- **Assigned task**
With the line containing "湖北省南山古建园林工程有限公" as the start and the line containing "已故金钱板大师邹忠新的精彩表演。 李豫龙摄" as the end, transcribe that span of the entries below exactly, including both.

BEGIN Given entries

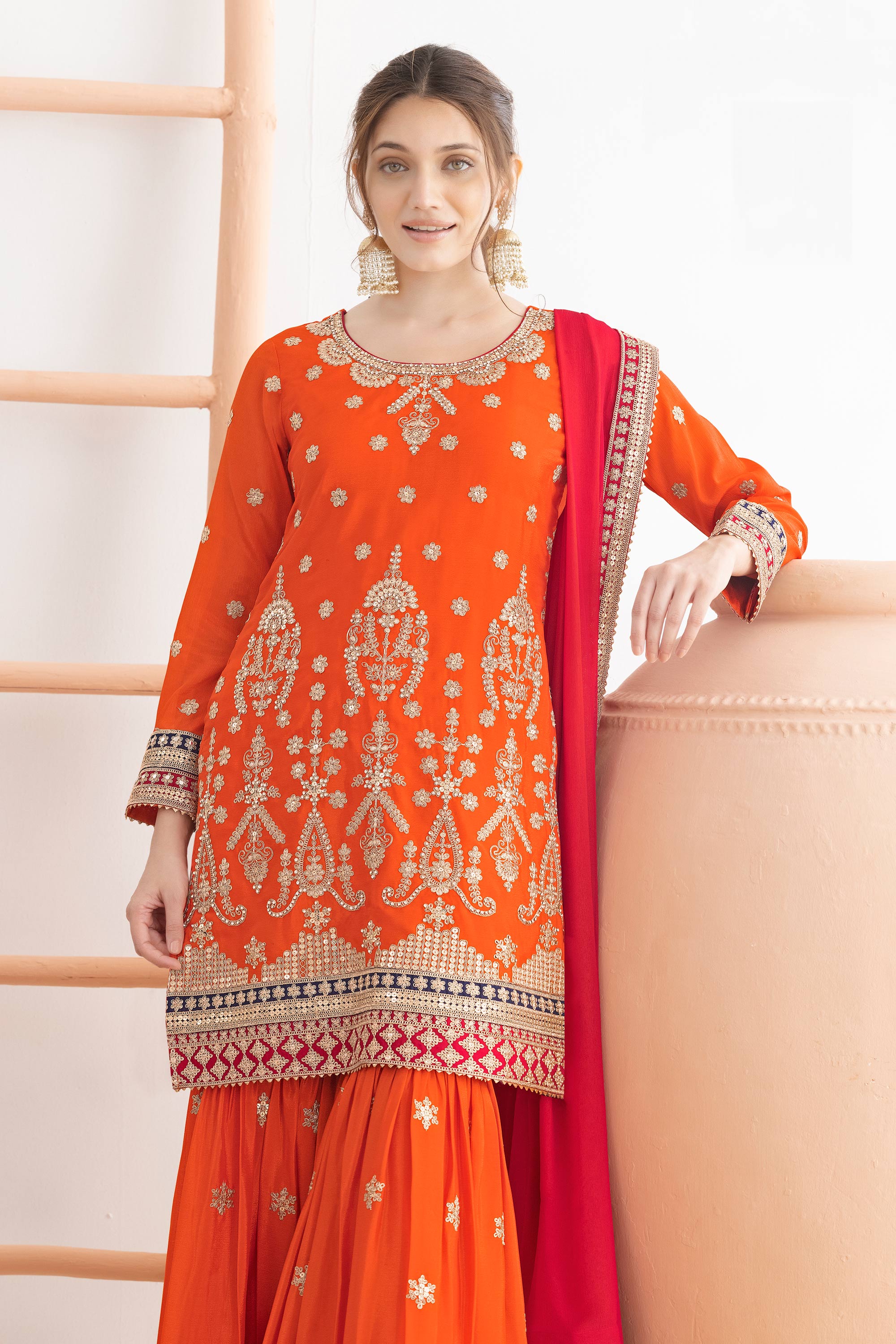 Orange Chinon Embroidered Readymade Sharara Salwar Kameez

END Given entries
BEGIN Given entries

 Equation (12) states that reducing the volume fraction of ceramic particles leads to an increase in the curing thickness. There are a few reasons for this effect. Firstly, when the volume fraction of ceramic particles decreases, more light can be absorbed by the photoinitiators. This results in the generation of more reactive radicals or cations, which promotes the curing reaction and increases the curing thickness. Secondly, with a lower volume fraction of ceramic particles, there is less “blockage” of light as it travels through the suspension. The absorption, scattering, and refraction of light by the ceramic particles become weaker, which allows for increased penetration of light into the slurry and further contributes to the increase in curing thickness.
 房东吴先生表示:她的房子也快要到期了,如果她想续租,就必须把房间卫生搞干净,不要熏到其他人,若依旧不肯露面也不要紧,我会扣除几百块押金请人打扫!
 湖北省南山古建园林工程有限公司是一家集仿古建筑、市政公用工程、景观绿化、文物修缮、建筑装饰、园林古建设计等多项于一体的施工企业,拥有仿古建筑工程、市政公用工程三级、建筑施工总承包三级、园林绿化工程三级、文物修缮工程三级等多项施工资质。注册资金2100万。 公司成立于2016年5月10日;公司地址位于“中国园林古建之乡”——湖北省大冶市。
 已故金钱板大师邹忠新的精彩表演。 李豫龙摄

END Given entries
BEGIN Given entries

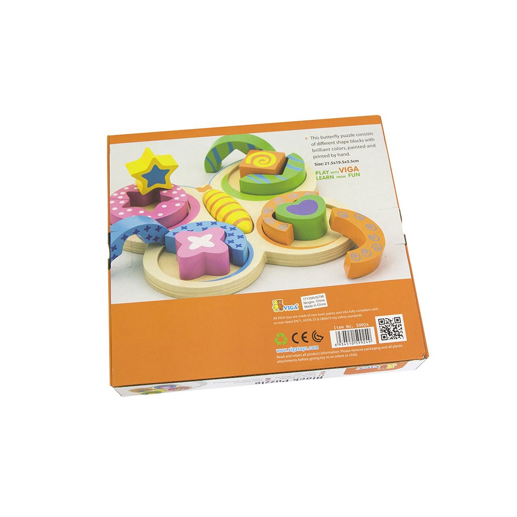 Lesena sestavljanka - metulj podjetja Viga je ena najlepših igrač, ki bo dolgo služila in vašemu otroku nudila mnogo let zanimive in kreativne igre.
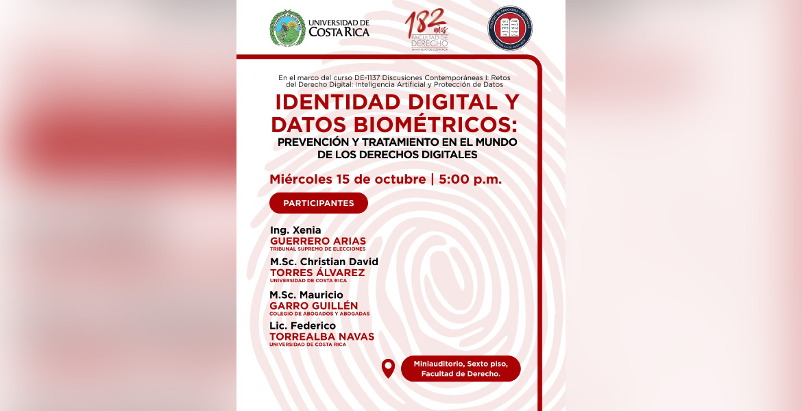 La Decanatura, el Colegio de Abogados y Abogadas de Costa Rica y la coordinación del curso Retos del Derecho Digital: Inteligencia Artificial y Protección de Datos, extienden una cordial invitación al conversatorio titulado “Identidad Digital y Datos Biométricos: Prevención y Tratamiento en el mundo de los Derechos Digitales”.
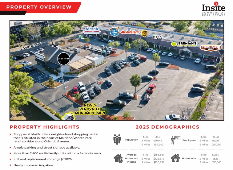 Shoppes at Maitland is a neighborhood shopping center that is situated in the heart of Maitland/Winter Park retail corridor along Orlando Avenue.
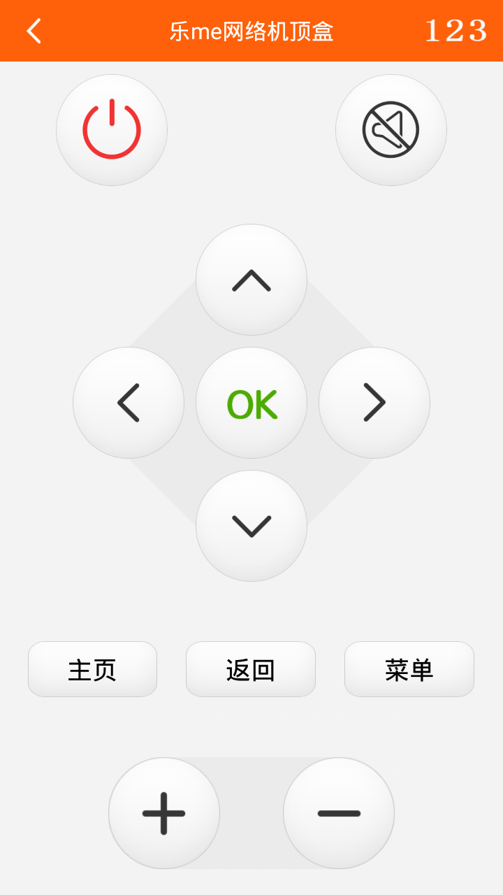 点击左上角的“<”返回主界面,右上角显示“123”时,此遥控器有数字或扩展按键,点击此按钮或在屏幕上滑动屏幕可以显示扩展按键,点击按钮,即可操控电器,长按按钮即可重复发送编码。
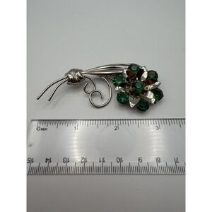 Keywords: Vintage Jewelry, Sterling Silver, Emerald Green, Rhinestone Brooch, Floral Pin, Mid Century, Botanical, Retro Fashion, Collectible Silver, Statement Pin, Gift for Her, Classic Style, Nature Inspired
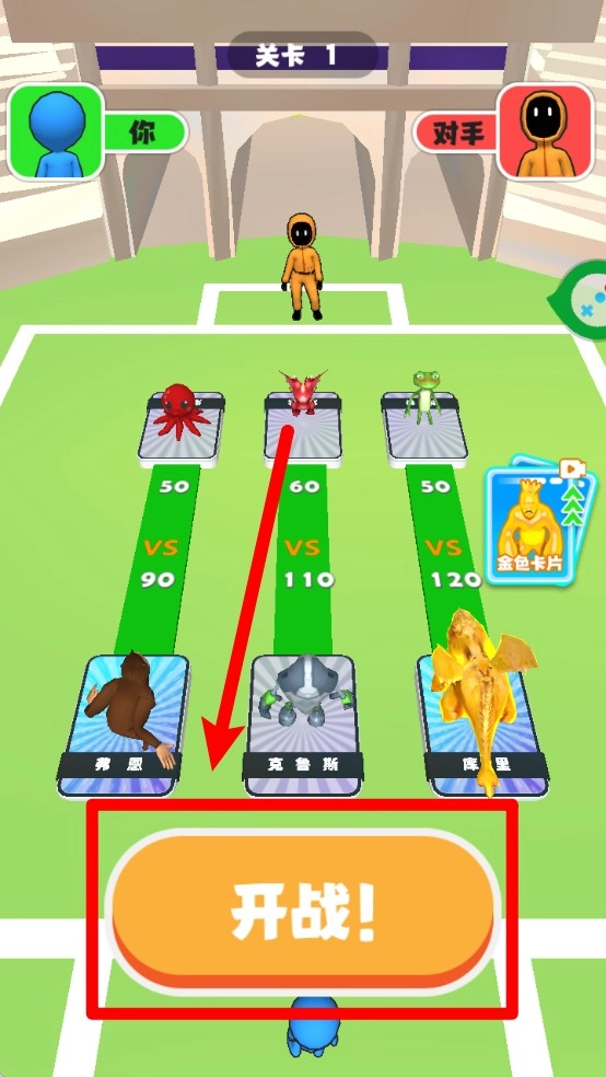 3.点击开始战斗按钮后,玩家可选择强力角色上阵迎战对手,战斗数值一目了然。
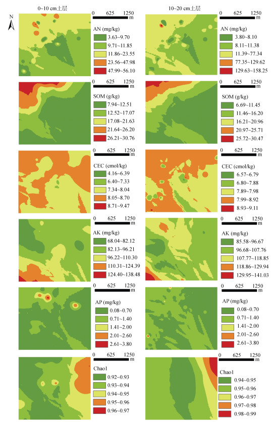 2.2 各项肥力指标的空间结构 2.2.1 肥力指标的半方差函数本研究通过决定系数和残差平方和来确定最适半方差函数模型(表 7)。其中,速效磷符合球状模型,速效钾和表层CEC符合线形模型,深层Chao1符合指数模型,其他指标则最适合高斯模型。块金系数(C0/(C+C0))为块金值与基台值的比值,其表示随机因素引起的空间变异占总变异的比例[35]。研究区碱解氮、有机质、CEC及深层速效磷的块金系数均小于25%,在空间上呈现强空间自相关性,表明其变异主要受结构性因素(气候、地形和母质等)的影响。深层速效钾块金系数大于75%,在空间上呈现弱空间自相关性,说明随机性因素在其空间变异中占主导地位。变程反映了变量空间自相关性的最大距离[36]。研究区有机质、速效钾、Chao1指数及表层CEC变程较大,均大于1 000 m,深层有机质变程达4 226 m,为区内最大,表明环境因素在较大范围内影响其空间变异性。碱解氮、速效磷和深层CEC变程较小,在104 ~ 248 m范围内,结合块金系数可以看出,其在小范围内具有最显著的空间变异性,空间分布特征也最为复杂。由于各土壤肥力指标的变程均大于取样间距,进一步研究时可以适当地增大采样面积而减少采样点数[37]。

END Given entries

- **Written answer**
 湖北省南山古建园林工程有限公司是一家集仿古建筑、市政公用工程、景观绿化、文物修缮、建筑装饰、园林古建设计等多项于一体的施工企业,拥有仿古建筑工程、市政公用工程三级、建筑施工总承包三级、园林绿化工程三级、文物修缮工程三级等多项施工资质。注册资金2100万。 公司成立于2016年5月10日;公司地址位于“中国园林古建之乡”——湖北省大冶市。
 已故金钱板大师邹忠新的精彩表演。 李豫龙摄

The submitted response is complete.